HIPAA: Issues of Health Information Privacy and Security
By Bryan Bailey, Esq., Tory McJunkin, MD, Paul Lynch, MD, & Edward Swing, PhD
Dear Arizona Pain Specialists:
My group emails appointment reminders to patients and we are considering emailing test results and other treatment information to patients. Are there any HIPAA issues we should be concerned about?
Emailing in the Dark
Dear Emailing in the Dark:
Yes, if your practice is a covered entity under HIPAA, emailing a patient or emailing patient information implicates both the HIPAA Privacy and Security Rules. The content of the email, including the patient’s email address, constitutes protected health information (PHI).
The first question you always have to ask yourself before you disclose PHI, whether via email, telephone or in person, is whether the disclosure is permitted by the Privacy Rule. Thankfully for you, disclosures for treatment purposes are always permitted. However, the second question is how much PHI you need to disclose, since the Privacy Rule requires the PHI disclosed to be the minimum necessary for the disclosure. For example, if you’re emailing an appointment reminder to a patient, the minimum PHI necessary for the disclosure would probably be the date, time and location of the appointment. Including the purpose of the appointment (e.g., follow up appointment regarding your lumbar epidural) probably would not comply with the minimum necessary requirement.
Next, the Privacy Rule requires your practice to implement safeguards to protect PHI from intentional and unintentional disclosures that violate the Privacy Rule. In addition, since PHI sent via email is in electronic form, it constitutes electronic protected health information (ePHI) and is subject to the Security Rule – the Security Rule only applies to ePHI. Generally speaking, the Security Rule requires your practice to analyze and implement technical, physical and administrative safeguards to protect the confidentiality, integrity and availability of ePHI. In layman’s terms, this means you need to make sure you have done everything you can to make sure no one other than the patient accesses the email!
Earlier this year, the Office for Civil Rights (OCR), the government agency that enforces the Privacy and Security Rules, entered into a Resolution Agreement and Corrective Action Plan with a small physician practice who OCR believed violated the Privacy and Security Rules. The information in the Agreement and Plan are telling regarding OCR’s interpretation and enforcement of these Rules.

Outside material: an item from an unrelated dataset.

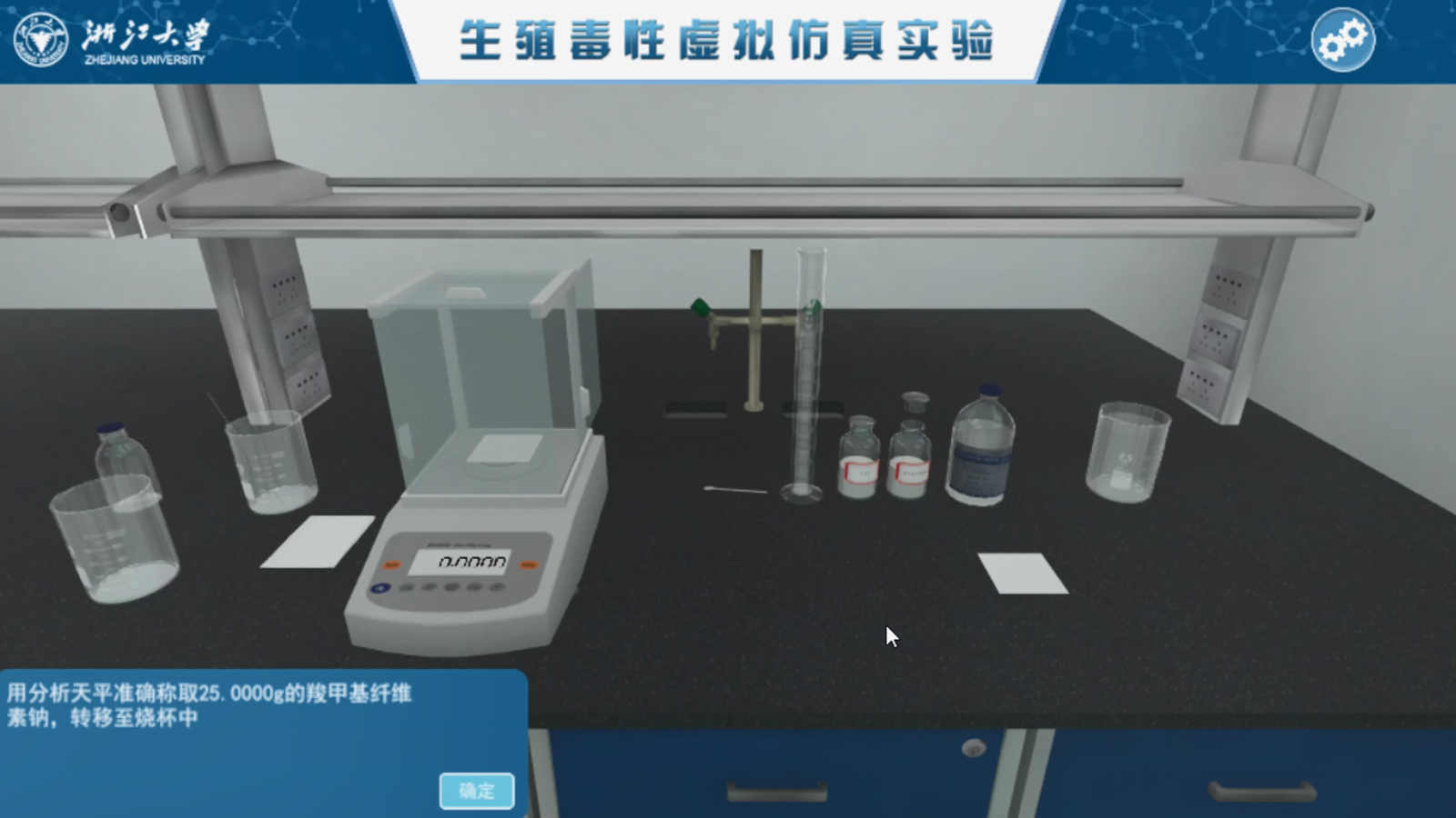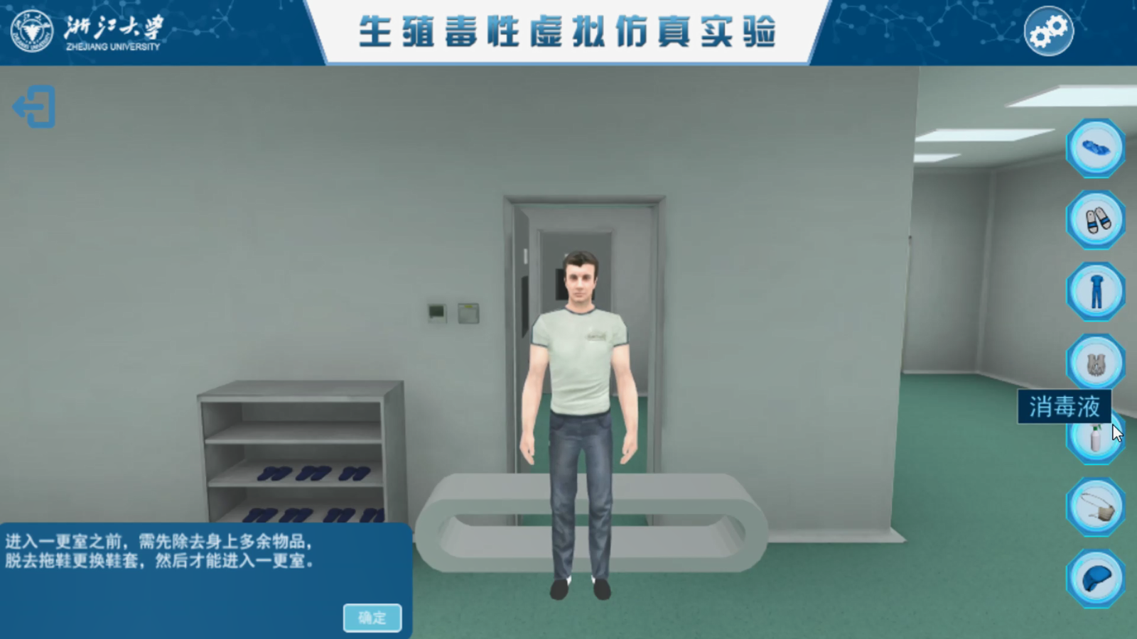 2019年6月,我公司与浙江大学药学院进行合作定制开发了生殖毒性虚拟仿真实验。进入实验后,学生可通过图文及视频内容进行实验的预习,在虚拟仿真的实验室系统内,通过WSAD操纵实验人物完成真实实验中进入生物安全实验室需要的准备工作。

For example, one of the ways in which OCR believed the group violated the Rules was that the group’s employees emailed ePHI amongst themselves. Specifically, the Agreement states that the group “failed to conduct an accurate and thorough assessment of the potential risks and vulnerabilities to the confidentiality, integrity and availability of the ePHI held by the” group. In addition, the group’s employees used Internet-based public email providers (e.g., Yahoo!, Hotmail, Gmail, etc.) to email the ePHI. The Agreement states that the group permitted these providers “to receive, store, maintain and transmit ePHI on the
Among other things, the Corrective Action Plan requires the group to perform a risk assessment of all of its ePHI and implement a “risk management plan that implements security measures sufficient to reduce risks and vulnerabilities to ePHI identified by the risk assessment….” The Plan also requires the group to ensure that all “ePHI transmitted over an electronic communications network” is “encrypt[ed] or otherwise adequately safeguard[ed]” against unauthorized access. Incidentally, the Plan requires the group to “submit evidence to satisfy this obligation that includes text messaging of ePHI.” In other words, the Plan requires all of the group’s emails and text messages containing ePHI to be encrypted!
In addition to complying with all of the obligations in the Plan, the group paid OCR $100,000 to resolve the matter. That may seem like a lot (and it is), however, OCR could have imposed significantly higher financial penalties.
In summary, it would be wise for your practice stop emailing any ePHI for any purpose until it has confirmed its compliance with the Privacy and Security Rules. Based on the aforementioned Resolution Agreement and Corrective Action, if your practice hasn’t performed a risk assessment and implemented a risk management plan, which includes encryption of all ePHI that is emailed or texted, or if your practice’s employees use internet-based email providers to email ePHI and the practice does not have Business Associate Agreements in place with these providers, it is fair to say that you won’t be in compliance with OCR’s interpretation of the Rules.
Arizona Pain Specialists
Dear Arizona Pain Specialists:
One of our MAs had written patient records that she was transporting between offices stolen from her car. Do we have to notify the patients whose records were stolen – we’d rather not?
Desperately Seeking Records
Dear Desperately Seeking Records:
Your story is all too common…And preventable!
The short answer is, probably. And, if you must notify the patients whose records were stolen, you also must notify OCR. Moreover, if more than 500 patients’ records were stolen, then you also must notify the media in your area.
The Health Information Technology for Economic and Clinical Health Act (the “HITECH Act”), which was passed in 2009 as part of the economic stimulus legislation, provides grants to physicians who implement certified electronic health record systems and satisfy the meaningful use criteria. The Act also requires covered entities to notify patients, OCR and, possibly, the media when there is a breach of “unsecured protected health information.”
A breach occurred if the stolen patient records contained information that presents “a significant risk of financial, reputational or other harm to the” patients. For example, if the records contained patients’ names, dates of birth, social security numbers and addresses, this would present a significant risk of financial or other harm to the patients. Moreover, if the records contained sensitive or potentially embarrassing medical information, then there would be a significant risk of reputational or other harm.
The HITECH Act contains certain exceptions to the breach definition that, if applicable, would not require notice. Unfortunately, none of those exceptions are applicable to stolen patient records. However, even if there was a breach, you would not have to provide notice unless the patient records constitute “unsecured PHI.”
“Unsecured PHI” is PHI “that is not rendered unusable, unreadable, or indecipherable to unauthorized individuals through the use of a technology or methodology specified by the Secretary [of the Department of Health and Human Services] in guidance issued under [the HITECH Act] on the HHS Web site. Since the patient records were written records, they were usable, readable or decipherable to whoever has them. Consequently, they constitute “unsecured PHI.”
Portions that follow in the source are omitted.